Все самообладание Бруннова исчезло, когда роковое слово было вторично брошено ему в лицо.
– Остановись, Арно! – выкрикнул он. – Я не могу этого перенести!
Барон оставался непреклонным, ни один мускул в его лице не дрогнул. С полным хладнокровием он шаг за шагом вел своего противника к совершенной утрате самообладания.
– Так вот твоя месть! – презрительно сказал он. – Ты двадцать лет медлил нанести удар. Пока я стоял на высоте власти, ты не отважился задеть меня. Разумеется, легче напасть на человека, которому грозит падение. Винтерфельд был по крайней мере честным противником. Он открыто вызвал меня на бой. Ты же предпочел ранить меня из засады, воспользовавшись для нанесения удара чужими руками. Ты, не задумываясь, дал полицмейстеру и печать и оружие против меня, а для того, чтобы померяться оружием со мной, который должен отомстить за оскорбление, у тебя не хватило мужества. Правду сказать, Рудольф, я не считал тебя способным на такую низость и подлость…
– Довольно! – задыхаясь, перебил его Бруннов. – Я принимаю твой вызов.
Доктор коротко и тяжело дышал, побледнев как смерть и дрожа всем телом, он оперся на спинку ближайшего стула. В глазах барона мелькнуло что-то вроде сострадания при виде страшно взволнованного человека, которого он поставил лицом к лицу с таким ужасным выбором, но голос нисколько не выдал его чувств, когда он снова заговорил:
– Хорошо! Я попрошу полковника Вильтена, коменданта здешнего гарнизона, быть моим секундантом; он обо всем условится с тем, кого ты выберешь.
Бруннов только кивнул головой в знак согласия. Барон взял со стола свою шляпу и еще раз обратился к бывшему другу:
– Еще одно слово, Рудольф! Дело это для меня важнее жизни, и я надеюсь, что из дуэли ты не сделаешь пустой комедии. Ты, пожалуй, был бы в состоянии выстрелить в воздух. Не вынуждай меня повторять перед свидетелями то, что я только что сказал тебе. Даю тебе слово, что я так и сделаю, если ты намеренно промахнешься.

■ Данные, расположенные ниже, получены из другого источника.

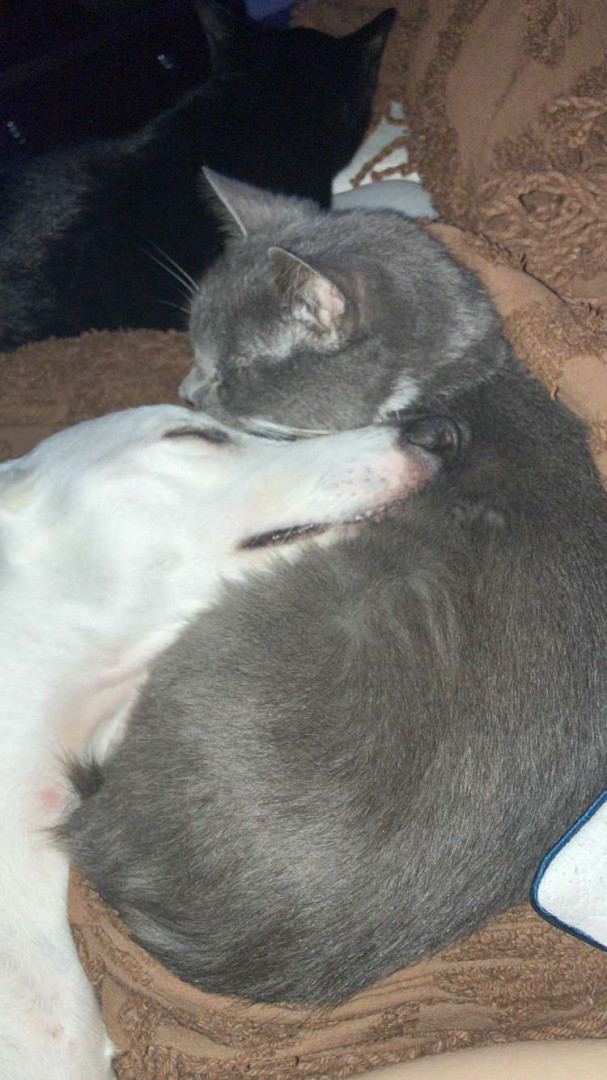 When I take her to work with me (a doggie daycare) she loves to run up to other dogs to play. However, she gets overly emotional and barks at them instead of initiating play. Additionally, she shows many cat-like characteristics, like loafing, biscuiting, and chasing string. This probably stems from her having six cat siblings!

Бруннов вскочил с места, и в его глазах загорелась ненависть.
– Будь покоен! – ответил он. – То, что ты сейчас заставил меня выслушать, убило последние остатки воспоминаний юности. Ты прав: между нами возможен только бой не на жизнь, а на смерть. Я тоже умею мстить за оскорбление!

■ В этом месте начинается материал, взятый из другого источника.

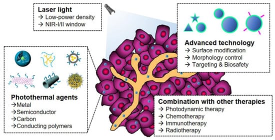 Many innovative strategies have been developed to improve the practicality of the PTT approach for anticancer therapy. The strategies include: (i) the identification of appropriate irradiation conditions, such as power density and time [,]; (ii) monitoring and optimization of the accumulation of NPA in tumor tissue []; (iii) improvement in PCE or targeting ability of NPA by controlling morphological properties or functionalization via surface engineering []; and (iv) development of NPAs with absorption in the near-infrared (NIR) II region (1000–1700 nm) [,] (Figure 1). PTT was also combined with different therapeutic methods, such as photodynamic therapy (PDT), immunotherapy, chemotherapy, or radiotherapy, to exploit each therapy’s advantages, and offset their limitations. Combined PTT treatment with other therapies has shown significant treatment outcomes by improving drug delivery efficiency, triggering drug release, controlling the tumor microenvironment (TME), or eliciting tumor-specific antigen release [].

С минуту они смотрели друг на друга; они говорили без слов, но их безмолвные речи были ужасны. Затем Равен повернулся, намереваясь уйти.
– Итак, до завтра! Теперь я пойду, отыщу полковника.
ГЛАВА XX
Было послеобеденное время. Барон Равен сидел за письменным столом, просматривая бумаги. Все распоряжения относительно завещания были окончены, но оставалось еще многим распорядиться. Полковник Вильтен с готовностью предоставил себя в распоряжение барона. Его тяготили установившиеся между ними холодные и принужденные отношения, поэтому он с радостью ухватился за первую возможность оказать услугу Равену и обещал распорядиться всем необходимым для назначенной на следующий день дуэли.
Равен только что закончил письмо и надписал адрес: «Доктору Рудольфу Бруннову». Складка на его лбу стала еще глубже.
– Я не могу избавить тебя от этого, Рудольф, – тихо произнес он. – Ты никогда не примиришься с несчастным часом, когда мы должны будем стать друг против друга с оружием в руках, но другого исхода нет.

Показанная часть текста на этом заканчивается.